- RECORDS SUPPLIED:
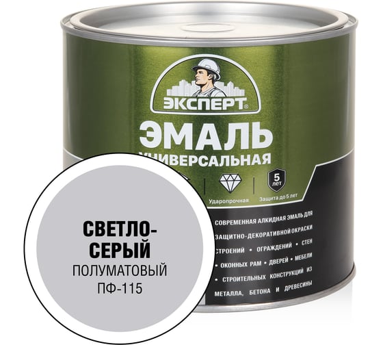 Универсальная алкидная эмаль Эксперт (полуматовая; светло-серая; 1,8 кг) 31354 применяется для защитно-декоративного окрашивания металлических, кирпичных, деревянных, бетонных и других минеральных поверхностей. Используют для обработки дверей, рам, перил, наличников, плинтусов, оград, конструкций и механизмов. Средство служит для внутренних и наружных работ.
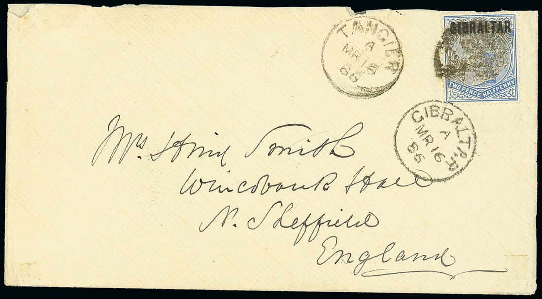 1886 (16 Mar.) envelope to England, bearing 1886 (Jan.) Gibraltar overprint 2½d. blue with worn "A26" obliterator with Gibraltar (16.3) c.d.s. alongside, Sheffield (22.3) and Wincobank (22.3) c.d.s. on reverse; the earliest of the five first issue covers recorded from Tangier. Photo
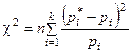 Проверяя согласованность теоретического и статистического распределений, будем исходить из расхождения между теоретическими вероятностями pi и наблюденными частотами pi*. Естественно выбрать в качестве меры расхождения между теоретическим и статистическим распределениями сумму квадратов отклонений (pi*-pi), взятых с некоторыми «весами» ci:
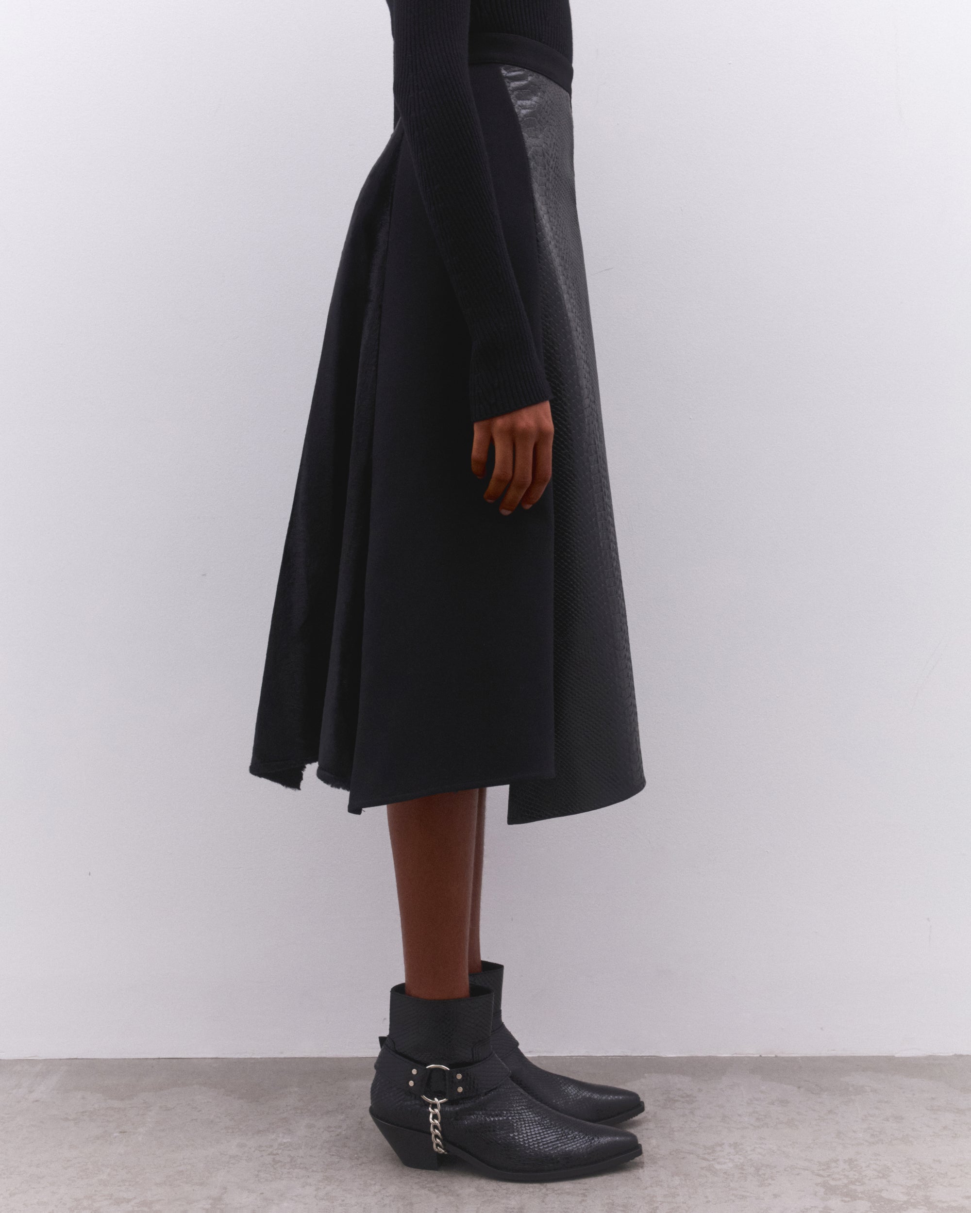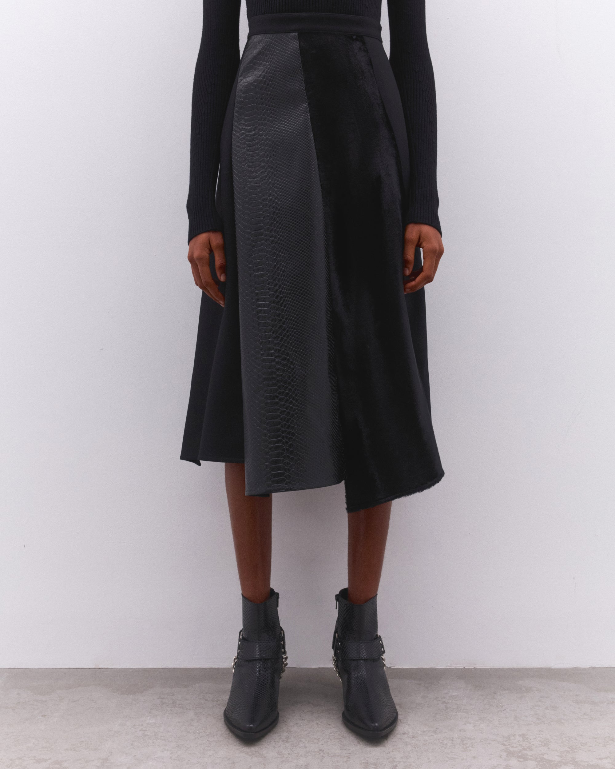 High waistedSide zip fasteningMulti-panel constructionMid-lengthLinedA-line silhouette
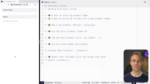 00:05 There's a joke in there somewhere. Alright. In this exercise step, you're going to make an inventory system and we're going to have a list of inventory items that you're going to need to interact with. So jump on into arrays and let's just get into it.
---
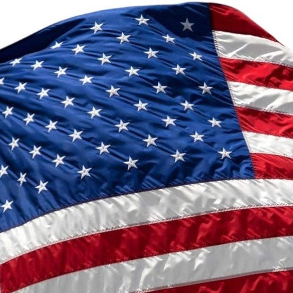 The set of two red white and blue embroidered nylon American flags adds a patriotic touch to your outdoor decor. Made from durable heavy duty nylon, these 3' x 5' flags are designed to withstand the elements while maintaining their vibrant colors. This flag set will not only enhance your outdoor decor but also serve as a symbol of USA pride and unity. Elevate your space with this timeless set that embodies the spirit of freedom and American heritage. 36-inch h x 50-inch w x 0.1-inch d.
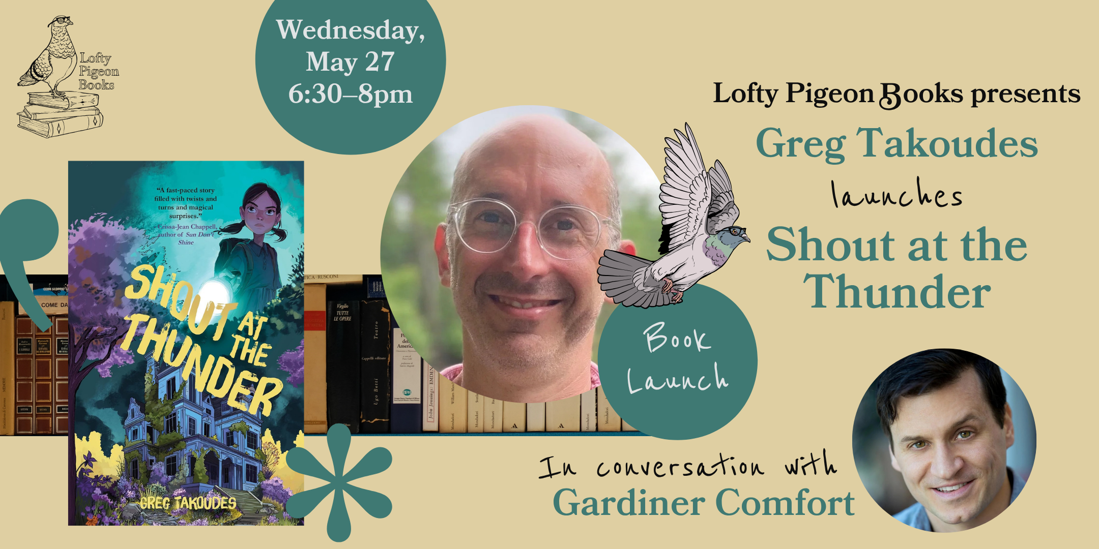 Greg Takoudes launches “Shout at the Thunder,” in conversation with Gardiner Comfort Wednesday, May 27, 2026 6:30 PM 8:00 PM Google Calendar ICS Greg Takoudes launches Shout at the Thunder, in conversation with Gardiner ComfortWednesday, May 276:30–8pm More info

- REQUIRED ACTION: Reproduce exactly the lines above starting at the line containing "High waistedSide zip" and ending at the line containing "00:05 There's a", including both, but not the pictures.

- TASK SOLUTION:
 High waistedSide zip fasteningMulti-panel constructionMid-lengthLinedA-line silhouette
 00:05 There's a joke in there somewhere. Alright. In this exercise step, you're going to make an inventory system and we're going to have a list of inventory items that you're going to need to interact with. So jump on into arrays and let's just get into it.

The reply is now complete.